At 22 months from diagnosis of metastatic disease and after all the recommended therapies had been applied, the disease progressed again. As the patient was Eastern Cooperative Oncology Group (ECOG) Performance Status (PS) 1 in good condition, we decided after approval by our institution and the national multidisciplinary tumor board meeting (MTBM) to prescribe T-Dxd as the sixth-line regimen (L6; Figure 2). The patient was informed that there were no validated guidelines about this use.

Figure 2.

Focus on trastuzumab-deruxtecan period.

The first injection of T-Dxd was performed on November 4, 2021, with very good clinical and biological tolerance.

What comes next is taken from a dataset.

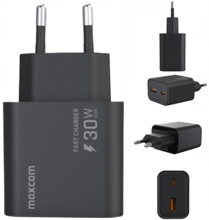 Ładowarka Maxcom 30W USB A+C szybka PD3.0 QC3.0 uniwersalna czarna

After four injections, PET-imaging highlighted partial response with partial regression of the primary right parotid lesion hypermetabolism and of known secondary bone lesions as well as pulmonary nodules. The right supraclavicular adenopathy remained stable. No new onset of hypermetabolic disease occurred.

After seven injections, the next evaluation found an almost complete regression of hypermetabolism of the right parotid space and overall stability of the remaining lymph node and bone lesions (Figures 1 and 2).

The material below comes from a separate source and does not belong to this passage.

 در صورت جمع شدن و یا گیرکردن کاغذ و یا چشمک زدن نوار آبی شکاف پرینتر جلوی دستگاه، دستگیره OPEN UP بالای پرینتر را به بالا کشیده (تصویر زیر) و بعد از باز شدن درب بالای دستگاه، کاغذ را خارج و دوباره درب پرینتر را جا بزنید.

Unfortunately, in June 2022, after 11 injections of T-Dxd (duration of response of 5 months), PET-imaging confirmed progression of the right supraclavicular adenopathy, right jugulocarotid lymph nodes, and in the bone compartment on the sternum and sacrum. No other lesion increased, and no new onset occurred, the PFS was 8 months. We decided, in MTBM, due to the absence of threatening/symptomatic lesions and good tolerability to continue with T-Dxd and to carry out local treatments on isolated progressive lesions: the right supraclavicular adenopathy was surgically resected, and bone metastasis of the sternum and the sacrum were irradiated (30 Gy in 10 fractions each), while maintaining T-Dxd. Pathological analysis of resection consisted of seven lymph nodes, including five with extranodal extension, the HER2 IHC scored 1 + and fluorescence in situ hybridization amplified (Figure 3(a)).

Figure 3.

Pathology evaluation. (a) Surgical resection of supraclavicular adenopathy, HER2 FISH showed an average HER2 gene copy number of 14 and a HER2/CEN17 ratio of 7 in 100 analyzed nuclei, consistent with HER2 positivity. (b) Immunohistochemistry on humerus biopsy revealed poorly differentiated carcinoma with morphologic features and IHC consistent with salivary duct carcinoma. HER2 IHC stain was scored 1+ with membranous staining.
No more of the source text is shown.